Subjects performed a continuous recognition task on equal numbers of initial and repeated presentations of line drawings of common objects, which were pseudo-randomized within a session of trials. The stimuli used in this experiment were the same as in Lehmann & Murray (2005). On each trial, subjects indicated whether the visual stimulus was appearing for the first time or had appeared previously. They were instructed to ignore the sounds and to focus on the visual information. The experimental paradigm is schematized in the corresponding paper, Figure 1.

Visual stimuli were comprised of 108 line drawings selected from either a standardized set (Snodgrass & Vanderwart, 1980) or obtained from an online library (dgl.microsoft.com) and modified to stylistically resemble those from the standardized set. Images were equally likely coming from a multitude of semantic categories (e.g., animals, miscellaneous household items, musical instruments, tools, vehicles, etc.) and their occurrence was balanced across experimental conditions. Images were centrally presented for 500ms and appeared black on a white background. On initial presentations, visual stimuli were subdivided into 3 groups: visual presentation only (V), which were appearing 50% of the initial presentations; visual with semantically congruent sound (AVc), which were presented 25% of the initial presentations; and visual with semantically incongruent sound (AVi), which were shown on the remaining 25% of initial presentations. In this way, the amount of unisensory and multisensory initial presentations were equal.

Auditory stimuli were complex, meaningful sounds (16 bit stereo; 44100 Hz digitization; 500 ms duration) and were either semantically congruent (e.g. a “dong” sound with the image of a bell) or semantically incongruent (e.g. a “woof” sound with the image of a gun) to one of the visual stimuli. Sounds were obtained from an online library (dgl.microsoft.com) and modified using audio editing software (Adobe Audition version 1.0) to be 500ms in duration. The volume was adjusted to a comfortable and comprehensible level for each subject, such that sounds were clearly, but not uncomfortably, audible in the scanner environment.

On repeated presentations, only the visual stimuli from initial presentations were displayed. Subjects’ task was to indicate as quickly and as accurately as possible, via a right-hand button press, whether the image had been seen before. Thus, there were three classes of repeated presentations: (1) initially presented as visual alone; (2) initially presented with a semantically congruent sound; and (3) initially presented with a semantically incongruent sound. These conditions differ in (1) whether there was a visual unisensory or an auditory-visual multisensory experience associated with the image, and (2) whether this multisensory experience had semantically congruent or incongruent stimuli. To simplify, we refer to repetitions of the images from the V condition as V-, to repetitions of images from the AVc condition as V+c, and to repetitions of images from the AVi condition as V+i. Subjects were not asked to judge if the semantic stimuli were incongruent or not, so the context (i.e., whether the initial encounter with the image during the experiments was unisensory or multisensory) was completely orthogonal to the task.

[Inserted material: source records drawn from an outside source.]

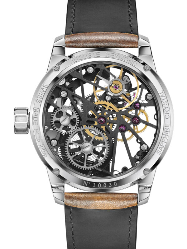 Transparent and fascinating, the ORIGIN SKELETON watch reveals a skeletonised version of its emblematic mechanical manual-winding UNITAS movement. Housed in a 44 mm steel case with an innovative construction, the ORIGIN SKELETON watch has a screw-down bezel.
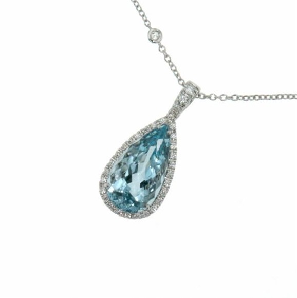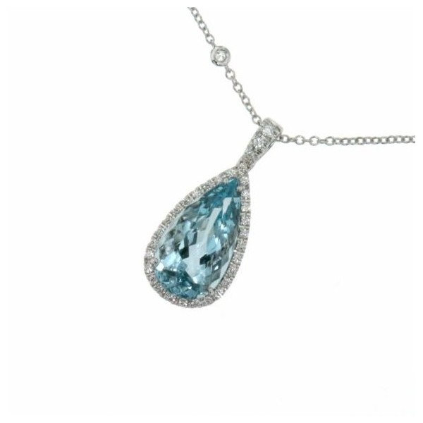 Scopri i dettagli di Collana donna oro bianco con Acquamarina goccia e diamanti - Mirco Visconti Gioielli
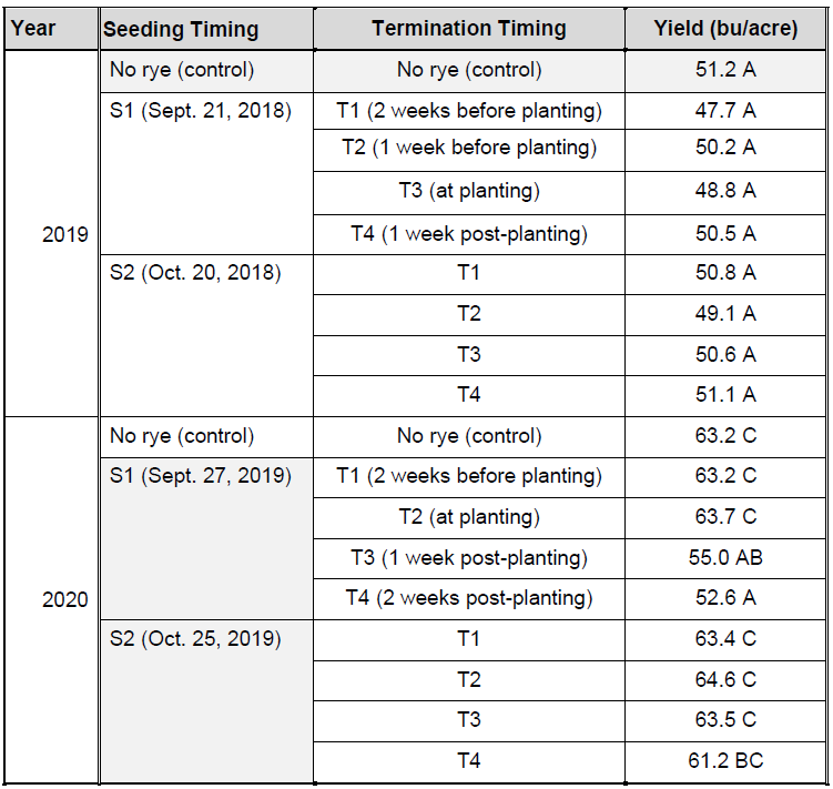 - Planting soybeans green into rye did not negatively impact yield relative to early termination; however, delaying termination until two weeks after planting did hurt yields in 2020
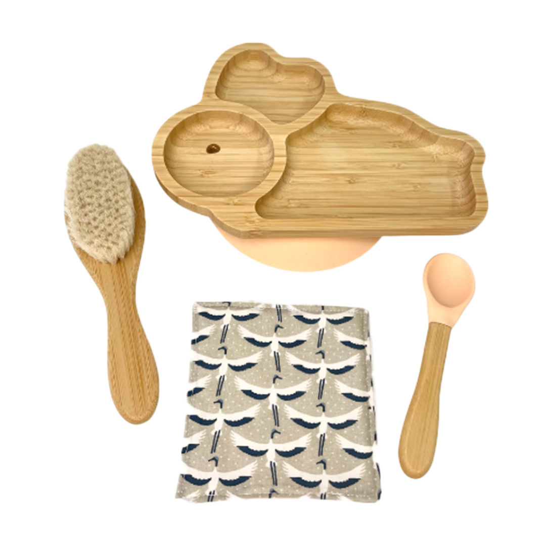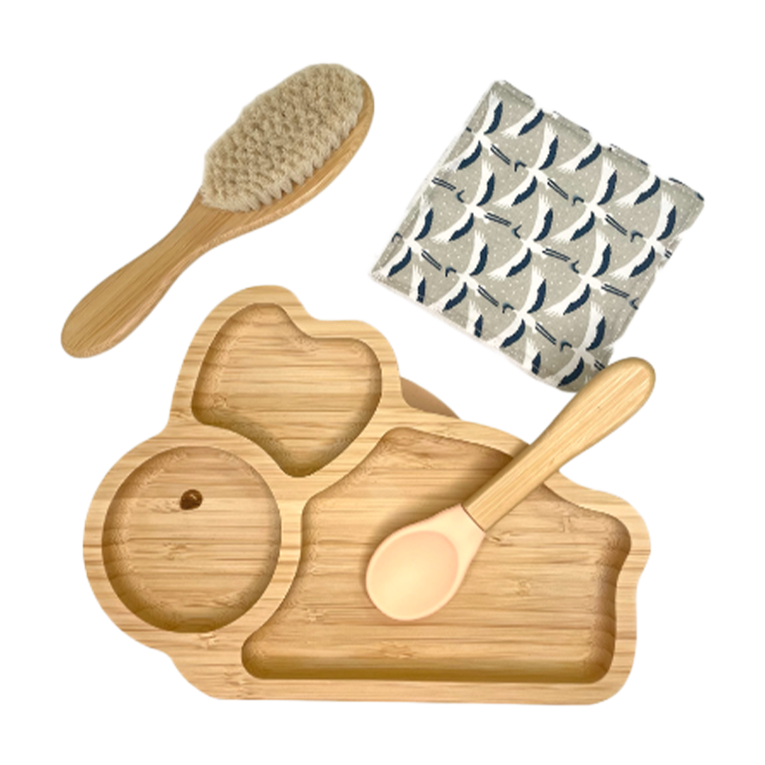 Elle comprend 1 set de repas bébé lapin + 1 une brosse à cheveux bébé et 1 lingette lavable Made In France ! Le tout est livré dans une boîte cadeau en carton !

Stimuli were presented for 500ms. The inter-trial interval (ITI) ranged from 5000ms to 12000ms in steps of 1000ms, varying randomly from one trial to the next though evenly distributed within each experimental condition to provide adequate temporal sampling of the blood oxygen level dependent (BOLD) response. Stimulus delivery and the recording of behavioral data (reaction time and accuracy) were controlled by E-prime in conjunction with their serial response box (www.pstnet.com; Psychology Software Tools). Subjects were instructed to respond as fast as possible, whilst still being accurate. Button presses longer than 1300ms after stimuli presentation were not recorded and the trial was labeled as a miss. Misses were considered as incorrect responses in the behavioral analysis.

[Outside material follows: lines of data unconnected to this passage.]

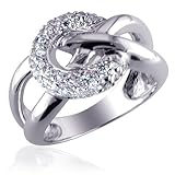 Make a promise to the Love of your Life with this gorgeous Love knot Ring. This ring is lovingly crafted from Rhodium Plated .925 Sterling Silver and encrusted with glittering Pave Set White Cubic Zirconia. The intertwined silver strands form a sleek bejeweled love knot that tapers to a smooth comfort fit. The ring comes in Size 7 (available in size 7 only). This ring has a top dimension of 7/8 inch x 1/2 inch and weighs 6.15gms. Comes with a 100% Money Back Guarantee, Free Gift Box and FREE SHIPPING.
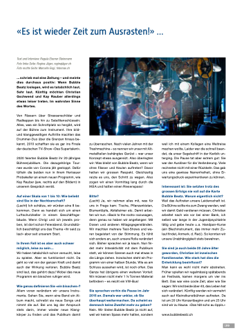 Interessant ist: Sie setzten trotz des grossen Erfolgs nie voll auf die Karte Bubble Beatz. Warum eigentlich nicht? Weil das Auftreten unsere Leidenschaft ist. Die Bühne sollte nie zum Zwang werden, weil wir damit Geld verdienen müssen. Christian arbeitet nach wie vor bei einer Bank, ich selbst war lange in der Jugendpsychiatrie tätig und gebe heute u. a. Handpan-Kurse (ein Blechinstrument, das immer mehr Zu- lauf findet, Anmerk. d. Red.). So konnten wir unsere Unabhängigkeit stets bewahren.
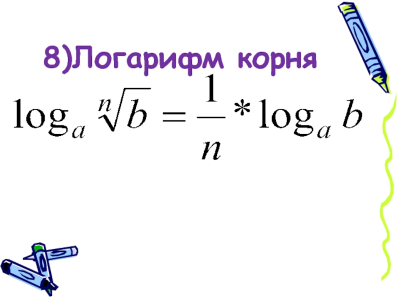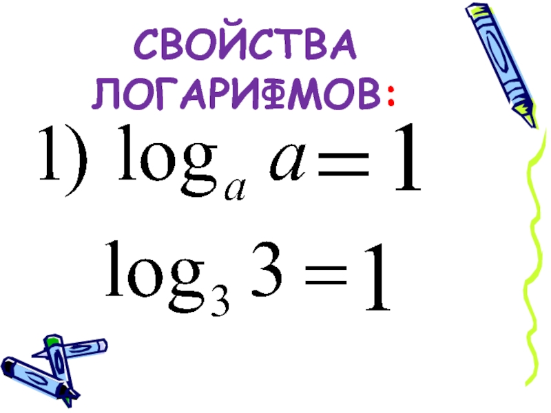 Слайд 12СВОЙСТВА ЛОГАРИФМОВ:
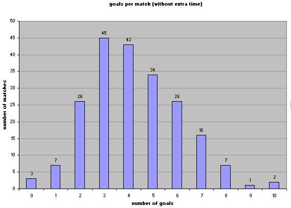 Here you see how many goals were scored in the 25 minutes per match, so without counting 'golden goals' in the eventually extra time of 10 minutes maximum.
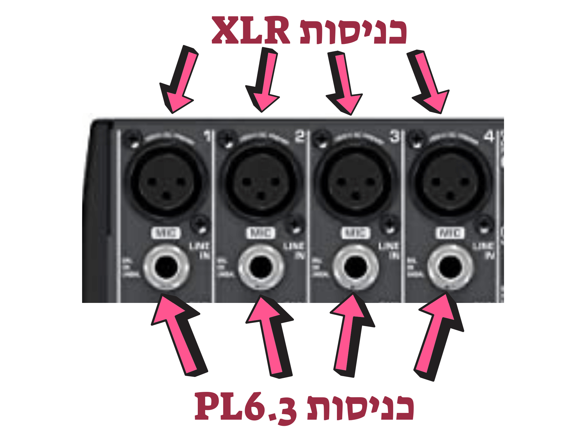כניסות המיקסר, כאמור למעלה, לרוב יהיו בתצורות של XLR או PL 6.3 בדומה לתמונה הבאה:

Stimuli were presented in sessions of 64 trials, with equal likelihood of initial and repeated presentations as well as balanced trials between initial unisensory and multisensory conditions (i.e., 16 trials of V-, 8 trials of V+c and 8 trials of V+i per session). Within each session, the conditions were pseudo-randomized, and each image was repeated once, independently of how the image was initially presented. The average number of trials between the initial and repeated presentation of any given stimulus was 8.58 images (range = 3-20 images). Each subject completed 4 sessions. No object was repeated more than once for any subject - that is, each experiment was comprised of distinct stimuli. Likewise, sounds/images used for the incongruent condition were neither previously nor later used for other conditions. There were four new multisensory events during each quarter of trials in each of the four sessions, with an average of 10.25 new images during the first quarter and 7.0 new images during the final quarter. Thus, neither experiment had a clear bias in the distribution of multisensory vs. unisensory events nor in terms of old/new images that would readily explain performance differences between images with multisensory vs. unisensory pasts.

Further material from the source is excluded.